Аугштейн замечает, что заголовок "Наши плюралисты" выглядит отстраняющим, создающим дистанцию. И Солженицын совершенно однозначно констатирует то, что мы предположили при разборе этой статьи. Он говорит: "Это же ирония". И далее замечает, что ни в одном месте статьи не выступил против плюрализма как такового, снова и снова подчеркивая сугубо иронический характер термина "плюралисты" в своей статье. По его словам, он хотел только показать одну определенную группу эмигрантов, которые настойчиво искажают русскую историю и при этом в отношении самих себя охотно пользуются термином "плюралисты". Значит, с нашей стороны не было ошибочным утверждение, что в статье Солженицына вокруг определения "плюралисты" везде ощущаются не поставленные автором кавычки. Аугштейн прямо спрашивает Солженицына, является ли тот сторонником свободы мнений в политической жизни. И Солженицын, ответив однозначно утвердительно, цитирует самого себя: "Да, разнообразие - это краски жизни, и мы их жаждем, и без того не мыслим" (X, стр. 134).

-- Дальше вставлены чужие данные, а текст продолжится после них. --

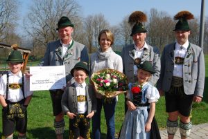 Die Vorsitzenden Franz Schuster und Gerhard Albersinger übergeben den Spendenscheck an die Schirmherrin Magdalena Neuner.

То, что Бёлль, мнение которого Солженицыну дорого, ушел из жизни, видя в нем врага плюрализма, нанесло Солженицыну несомненную травму, тем более глубокую, что объясниться уже нельзя.

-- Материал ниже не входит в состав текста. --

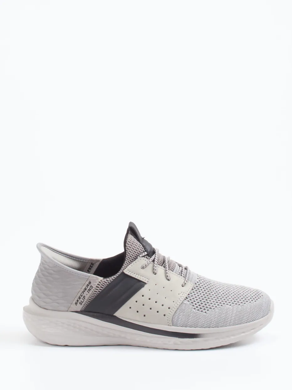 Leichte Alltagssneaker mit Technik-Flair.Skechers präsentiert diesen komfortorientierten Slip-On Sneaker für Freizeit und Bewegung. Ob auf kurzen Wegen oder im urbanen Lifestyle – dieser Unisex-Sneaker überzeugt mit einer strukturierten Oberfläche aus atmungsaktivem Textil und synthetischen Elementen. Der Schaft in Hell- und Dunkelgrau harmoniert mit dem sportlich-dynamischen Schnitt und den perforierten Overlays. Der elastische Einstieg und die weich gepolsterte Ferse betonen den alltagsfreundlichen Komfort, während die profilierte Gummisohle Trittsicherheit bietet. Streetwear und Tech-Athleisure treffen hier auf minimalistisches Design. Skechers Komfort trifft funktionalen Zeitgeist – stilvoll und smart kombiniert.

Писатель приводит еще один неприятный для себя пример искажения его позиции прессой. В "Stuttgarter Zeitung" можно было прочесть, что Солженицын свою статью о так называемых "плюралистах" направил против евреев. Между тем в статье присутствует специальная оговорка: "...все говоримое тут о плюралистах отнюдь не относится к основной массе третьей, еврейской, эмиграции в Штаты" (Х, стр. 146). И Солженицын напоминает об этой оговорке Аугштейну, добавляя, что подавляющая часть еврейской эмиграции не согласна с группой, которую он критикует, а занимает собственную, противоположную позицию. Немецкая газета этого его замечания вообще не приняла к сведению; и она в своей интерпретации адресованности "Наших плюралистов евреям, к сожалению, не одинока. Заключая свой ответ на вопрос Аугштейна, Солженицын подчеркивает, что он протестует против такого ограничения плюрализма, когда ему говорят, что плюрализм должен царить лишь в строго заданных рамках, узаконивающих четко определенный комплекс идей, а вне этих рамок он неприемлем.

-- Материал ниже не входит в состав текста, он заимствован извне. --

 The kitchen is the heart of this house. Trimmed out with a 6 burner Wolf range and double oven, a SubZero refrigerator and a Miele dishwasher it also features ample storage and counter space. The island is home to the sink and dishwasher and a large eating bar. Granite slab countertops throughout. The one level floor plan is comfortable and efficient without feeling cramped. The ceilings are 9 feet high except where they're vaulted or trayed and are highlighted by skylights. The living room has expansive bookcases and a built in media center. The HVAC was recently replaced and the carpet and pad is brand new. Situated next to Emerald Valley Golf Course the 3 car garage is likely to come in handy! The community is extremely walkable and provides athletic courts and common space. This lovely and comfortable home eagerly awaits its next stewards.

Аугштейн замечает, что такова была позиция Розы Люксембург, требовавшей свободы для инакомыслящих, но только внутри партии. И никакой свободы для некоммунистов. Напомню, что Бухарин в свое время требовал свободы дискуссии для руководящей элиты партии в сочетании с полным единомыслием на партийной периферии, не говоря уже о беспартийных. Сегодня (1987), на фоне появления в СССР все большего числа "неформальных объединений", особенно часто молодежных, в советской прессе все настойчивей звучат руководящие призывы и указания ввести рвущееся к жизни разнообразие в определяемые комсомолом и партией рамки. Мировое квазилиберальное мышление современности тоже имеет свой набор идеологических штампов, и Солженицын фактически отстаивает свое право мыслить шире этого стандарта воззрений.